* [Exercise requirements]:
When you copy the entries, omit the images and keep every word as it is.

[Items listed in a dataset]

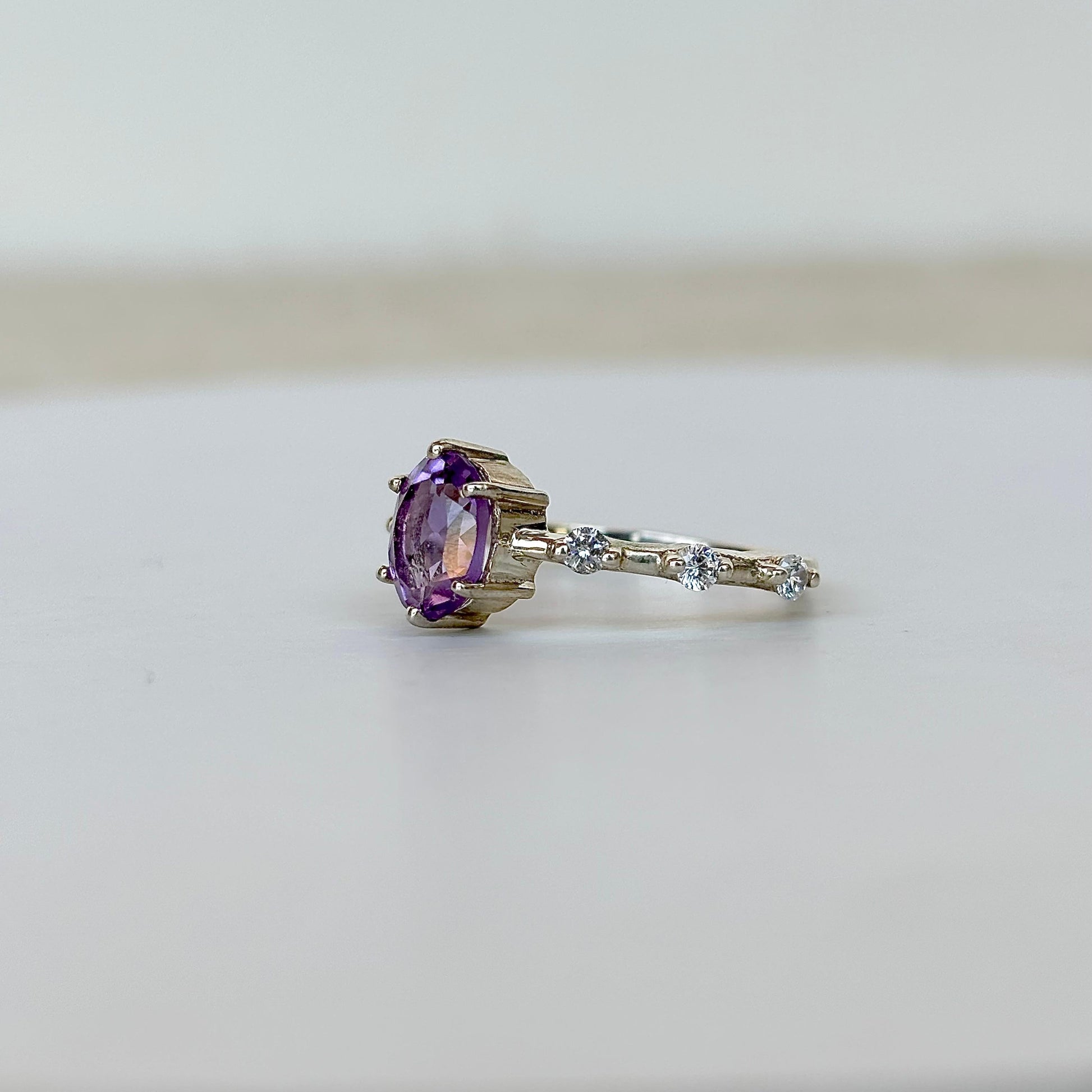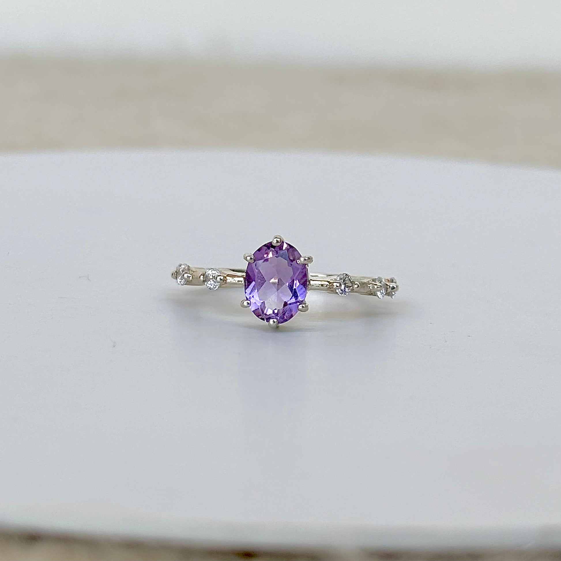 925 Pure Silver Oval Cut Natural Amethyst Solitaire Ring February Birthstone Gift For Her
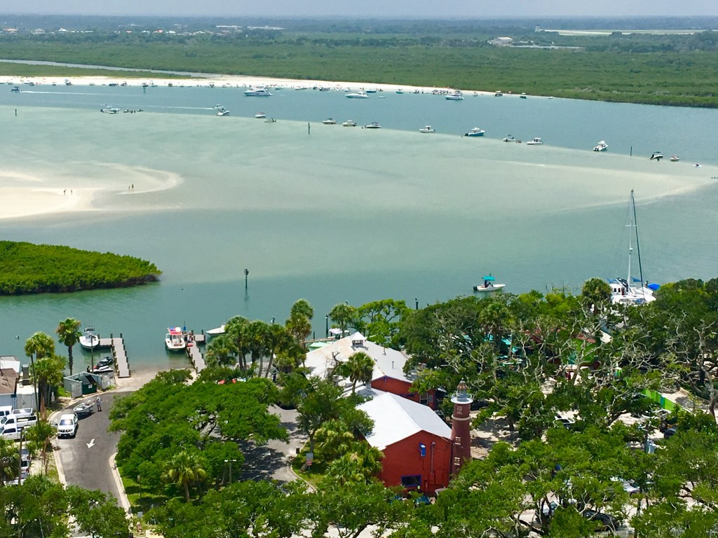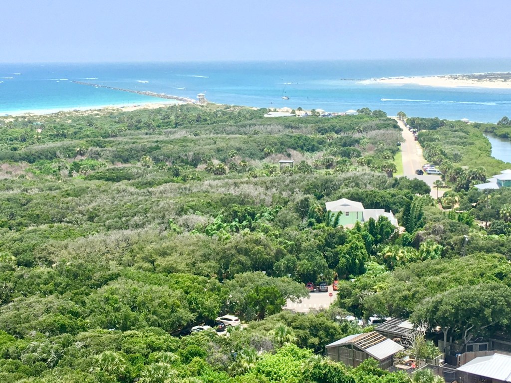 The view from the lighthouse also shows the The Intracoastal Waterway (ICW) . “This is a 3,000-mile (4,800 km) inland navigable waterway from the Atlantic and Gulf of Mexico coasts of the United States, running from Boston, Massachusetts, southward along the Atlantic Seaboard and around the southern tip of Florida, then following the Gulf Coast to Brownsville, Texas. Some sections of the waterway consist of natural inlets, saltwater rivers, bays, and sounds, while others are artificial canals. ( Thanks Wikipedia).
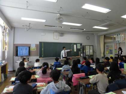 2年生のクラスにきていた教育実習の先生ですが、今週で実習が終わりとなります。今日はその研究授業が行われました。子どもたちは参観した大勢の先生に、驚いたり緊張したりしながらも、生き生きと学習に取り組んでいました。
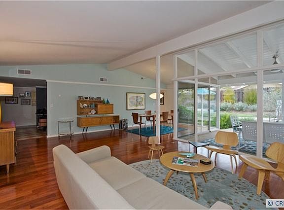 This is a rare opportunity to own a spacious midcentury modern home for a moderate price. Built in 1959, this stylish residence features three large bedrooms and two bathrooms in more than 2,200 square feet of living space. Recent upgrades include Santos Mahogany floors throughout most of the interior, a modern ceiling fan in the living room, a Nelson bubble lamp in the dining area, and architectural outdoor entertainment spaces and improved landscaping in the backyard. The property sits on an 11,000+ square foot lot near beautiful Los Coyotes Country Club. Note: this is a short sale and thus it is subject to lender approval.
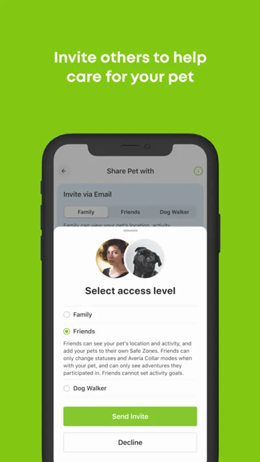 Share your pet(s) with friends, family, or the dog walker so you always know who they’re with and what they’re up to.
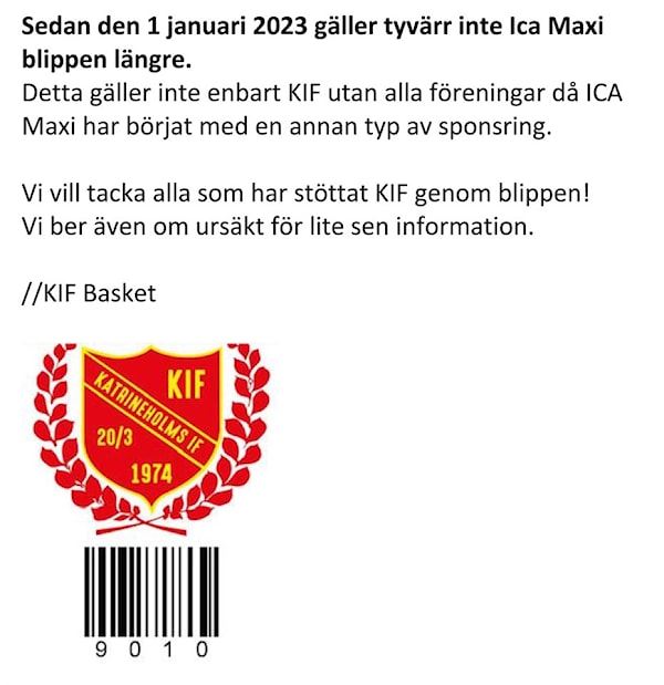 Ok, så då kan man sluta blippa när man handlar. Men varför sluta, många bäckar små eller har föreningen fått annan sponsring:)
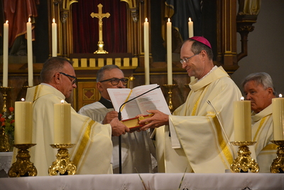 Fotos von der Amtseinführung von Mag. Hannes Saurugg zum Pfarrprovisor des Pfarrverbandes Korneuburg Nord durch Weihbischof Stephan Turnovszky in Harmannsdorf.
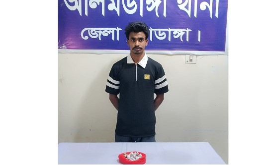 চুয়াডাঙ্গার আলমডাঙ্গা উপজেলায় মাদকবিরোধী বিশেষ অভিযানে ৫০ গ্রাম গাঁজাসহ এক ব্যক্তিকে গ্রেফতার করেছে বাংলাদেশ পুলিশ-এর আলমডাঙ্গা থানা পুলিশ। বৃহস্পতিবার (৫ মার্চ) দুপুরে উপজেলার তিয়রবিলা পুলিশ ক্যাম্পের উদ্যোগে পরিচালিত অভিযানে তাকে আটক করা হয়। পুলিশ সূত্রে জানা যায়, তিয়রবিলা পুলিশ ক্যাম্পের এসআই (নিঃ) মানিক কুমার শিকদার সঙ্গীয় ফোর্সসহ ক্যাম্প এলাকায় মাদকদ্রব্য উদ্ধারে বিশেষ অভিযান পরিচালনা করছিলেন। এ সময় গোপন সংবাদের ভিত্তিতে অভিযান চালিয়ে তালুককররা গ্রামের ইউসুফ আলীর ছেলে উজ্জ্বল হোসেন (৩০)-কে তার নিজ বসতবাড়ির পেছন থেকে আটক করা হয়।
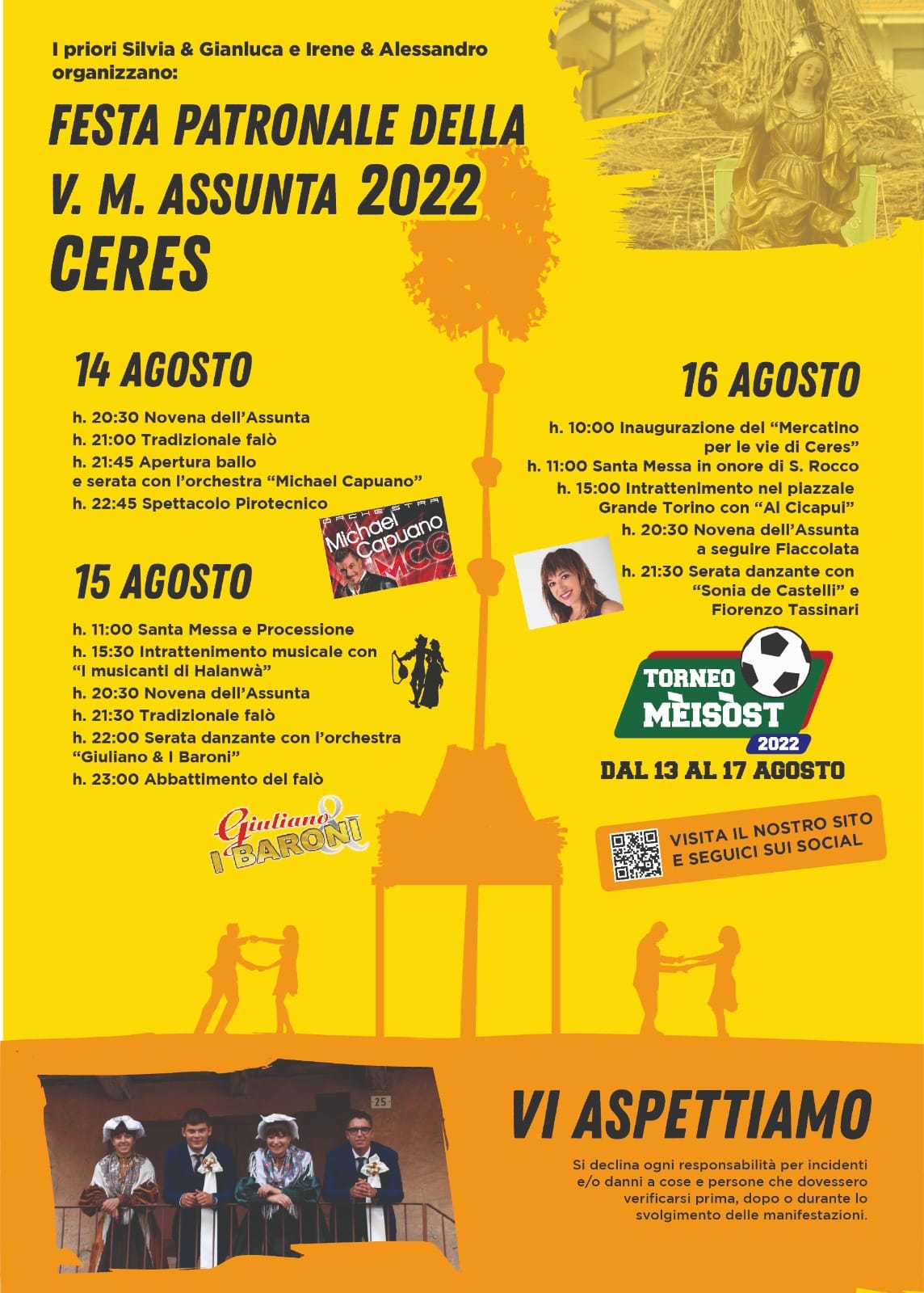 - 10.00 Inaugurazione del "Mercatino per le vie di Ceres" (NOVITA' 2022)

* [Result of the exercise]:
 925 Pure Silver Oval Cut Natural Amethyst Solitaire Ring February Birthstone Gift For Her
 The view from the lighthouse also shows the The Intracoastal Waterway (ICW) . “This is a 3,000-mile (4,800 km) inland navigable waterway from the Atlantic and Gulf of Mexico coasts of the United States, running from Boston, Massachusetts, southward along the Atlantic Seaboard and around the southern tip of Florida, then following the Gulf Coast to Brownsville, Texas. Some sections of the waterway consist of natural inlets, saltwater rivers, bays, and sounds, while others are artificial canals. ( Thanks Wikipedia).
 2年生のクラスにきていた教育実習の先生ですが、今週で実習が終わりとなります。今日はその研究授業が行われました。子どもたちは参観した大勢の先生に、驚いたり緊張したりしながらも、生き生きと学習に取り組んでいました。
 This is a rare opportunity to own a spacious midcentury modern home for a moderate price. Built in 1959, this stylish residence features three large bedrooms and two bathrooms in more than 2,200 square feet of living space. Recent upgrades include Santos Mahogany floors throughout most of the interior, a modern ceiling fan in the living room, a Nelson bubble lamp in the dining area, and architectural outdoor entertainment spaces and improved landscaping in the backyard. The property sits on an 11,000+ square foot lot near beautiful Los Coyotes Country Club. Note: this is a short sale and thus it is subject to lender approval.
 Share your pet(s) with friends, family, or the dog walker so you always know who they’re with and what they’re up to.
 Ok, så då kan man sluta blippa när man handlar. Men varför sluta, många bäckar små eller har föreningen fått annan sponsring:)
 Fotos von der Amtseinführung von Mag. Hannes Saurugg zum Pfarrprovisor des Pfarrverbandes Korneuburg Nord durch Weihbischof Stephan Turnovszky in Harmannsdorf.
 চুয়াডাঙ্গার আলমডাঙ্গা উপজেলায় মাদকবিরোধী বিশেষ অভিযানে ৫০ গ্রাম গাঁজাসহ এক ব্যক্তিকে গ্রেফতার করেছে বাংলাদেশ পুলিশ-এর আলমডাঙ্গা থানা পুলিশ। বৃহস্পতিবার (৫ মার্চ) দুপুরে উপজেলার তিয়রবিলা পুলিশ ক্যাম্পের উদ্যোগে পরিচালিত অভিযানে তাকে আটক করা হয়। পুলিশ সূত্রে জানা যায়, তিয়রবিলা পুলিশ ক্যাম্পের এসআই (নিঃ) মানিক কুমার শিকদার সঙ্গীয় ফোর্সসহ ক্যাম্প এলাকায় মাদকদ্রব্য উদ্ধারে বিশেষ অভিযান পরিচালনা করছিলেন। এ সময় গোপন সংবাদের ভিত্তিতে অভিযান চালিয়ে তালুককররা গ্রামের ইউসুফ আলীর ছেলে উজ্জ্বল হোসেন (৩০)-কে তার নিজ বসতবাড়ির পেছন থেকে আটক করা হয়।
 - 10.00 Inaugurazione del "Mercatino per le vie di Ceres" (NOVITA' 2022)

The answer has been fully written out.